Dataset content Start Marker

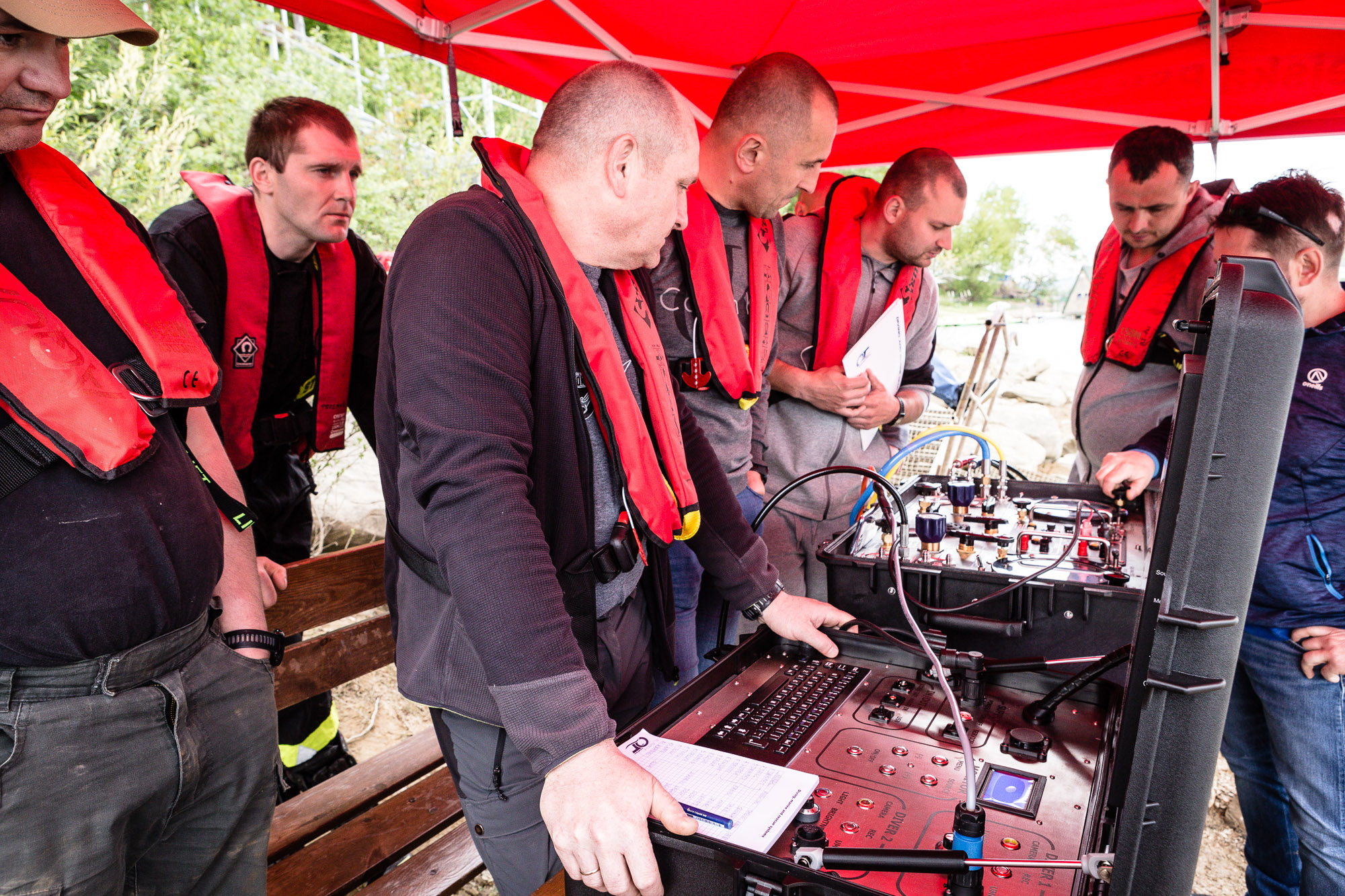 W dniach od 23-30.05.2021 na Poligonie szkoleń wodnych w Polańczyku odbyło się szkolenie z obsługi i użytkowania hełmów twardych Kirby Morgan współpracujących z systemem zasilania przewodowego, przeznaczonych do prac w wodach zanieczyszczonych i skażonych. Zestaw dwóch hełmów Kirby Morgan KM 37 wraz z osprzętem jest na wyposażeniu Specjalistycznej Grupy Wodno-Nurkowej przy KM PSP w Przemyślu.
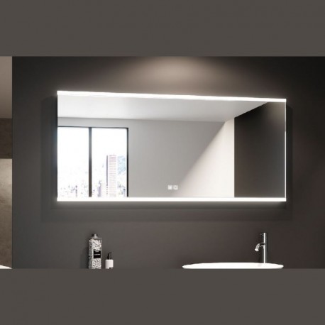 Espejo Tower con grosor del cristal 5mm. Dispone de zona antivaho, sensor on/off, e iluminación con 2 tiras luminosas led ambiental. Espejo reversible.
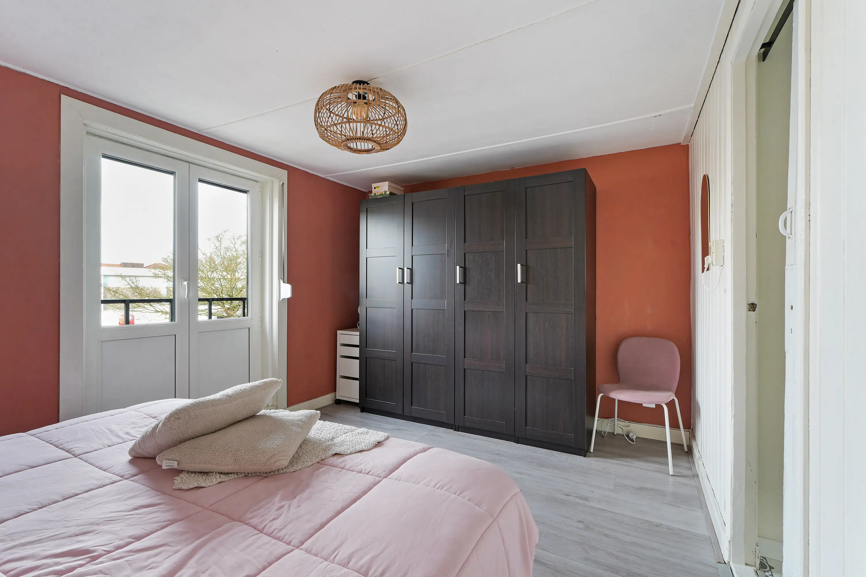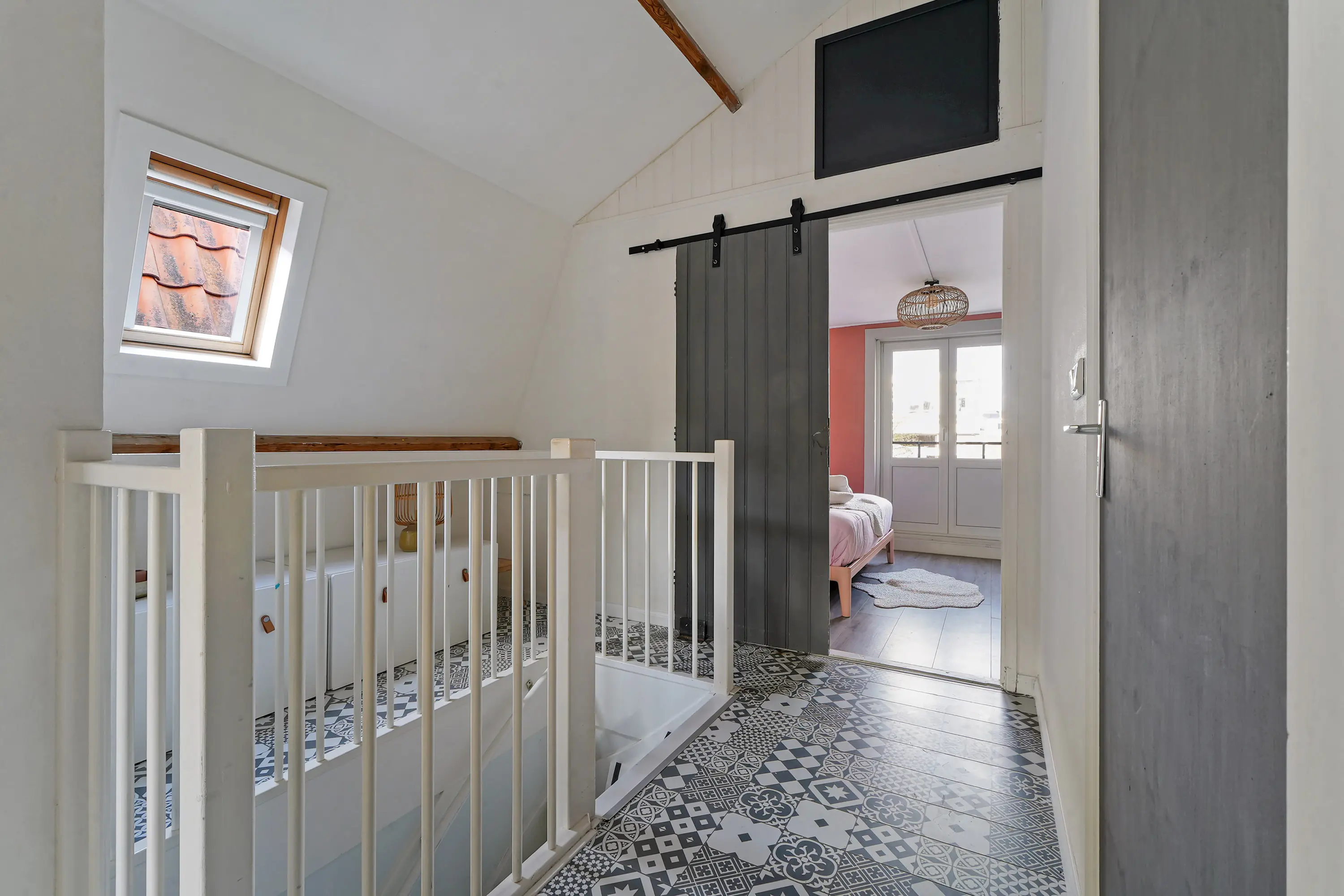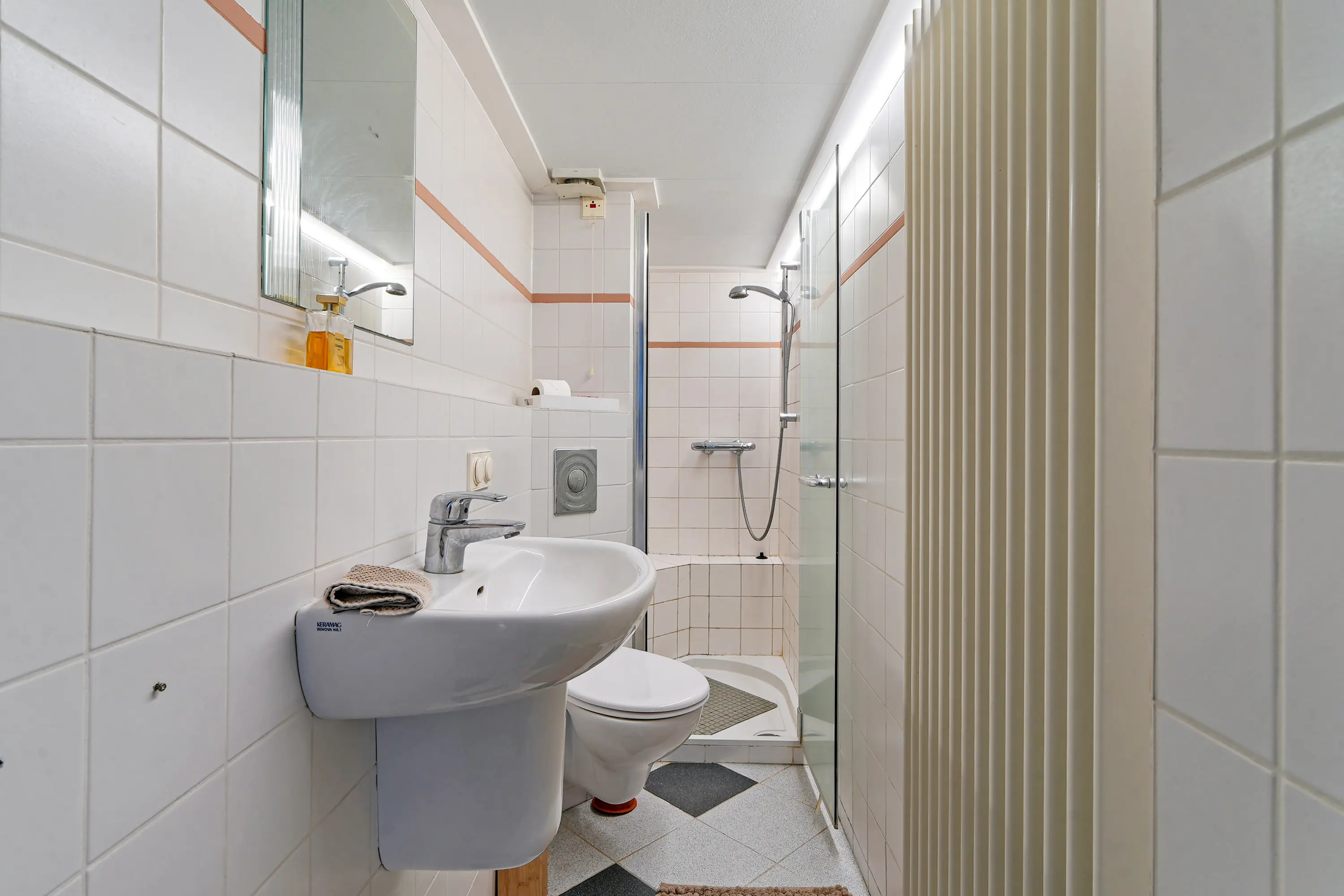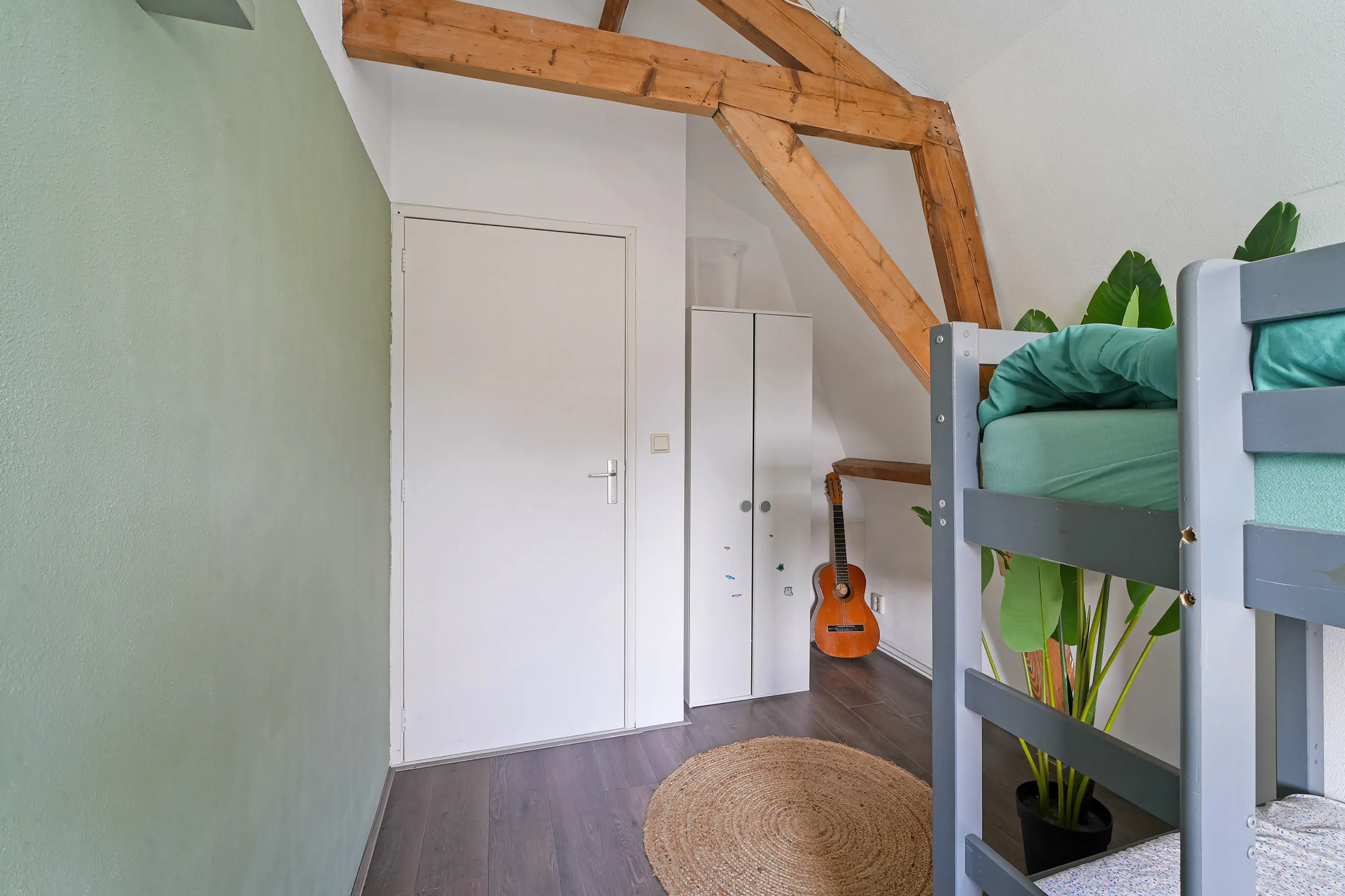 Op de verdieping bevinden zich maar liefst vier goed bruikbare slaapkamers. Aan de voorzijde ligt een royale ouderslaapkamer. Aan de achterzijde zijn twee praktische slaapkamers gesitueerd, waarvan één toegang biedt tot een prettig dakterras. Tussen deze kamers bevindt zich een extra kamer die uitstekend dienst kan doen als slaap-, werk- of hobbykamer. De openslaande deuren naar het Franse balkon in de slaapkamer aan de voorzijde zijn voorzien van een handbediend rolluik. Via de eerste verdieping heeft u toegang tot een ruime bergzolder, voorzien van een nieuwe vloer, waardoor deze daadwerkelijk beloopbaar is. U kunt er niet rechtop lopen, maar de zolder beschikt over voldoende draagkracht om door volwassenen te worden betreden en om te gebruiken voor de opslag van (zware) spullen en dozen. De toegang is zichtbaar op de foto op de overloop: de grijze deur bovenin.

Dataset content End Marker

**Work instructions**
Give back the material above exactly as written, but omit the images.

**Exercise solution**
 W dniach od 23-30.05.2021 na Poligonie szkoleń wodnych w Polańczyku odbyło się szkolenie z obsługi i użytkowania hełmów twardych Kirby Morgan współpracujących z systemem zasilania przewodowego, przeznaczonych do prac w wodach zanieczyszczonych i skażonych. Zestaw dwóch hełmów Kirby Morgan KM 37 wraz z osprzętem jest na wyposażeniu Specjalistycznej Grupy Wodno-Nurkowej przy KM PSP w Przemyślu.
 Espejo Tower con grosor del cristal 5mm. Dispone de zona antivaho, sensor on/off, e iluminación con 2 tiras luminosas led ambiental. Espejo reversible.
 Op de verdieping bevinden zich maar liefst vier goed bruikbare slaapkamers. Aan de voorzijde ligt een royale ouderslaapkamer. Aan de achterzijde zijn twee praktische slaapkamers gesitueerd, waarvan één toegang biedt tot een prettig dakterras. Tussen deze kamers bevindt zich een extra kamer die uitstekend dienst kan doen als slaap-, werk- of hobbykamer. De openslaande deuren naar het Franse balkon in de slaapkamer aan de voorzijde zijn voorzien van een handbediend rolluik. Via de eerste verdieping heeft u toegang tot een ruime bergzolder, voorzien van een nieuwe vloer, waardoor deze daadwerkelijk beloopbaar is. U kunt er niet rechtop lopen, maar de zolder beschikt over voldoende draagkracht om door volwassenen te worden betreden en om te gebruiken voor de opslag van (zware) spullen en dozen. De toegang is zichtbaar op de foto op de overloop: de grijze deur bovenin.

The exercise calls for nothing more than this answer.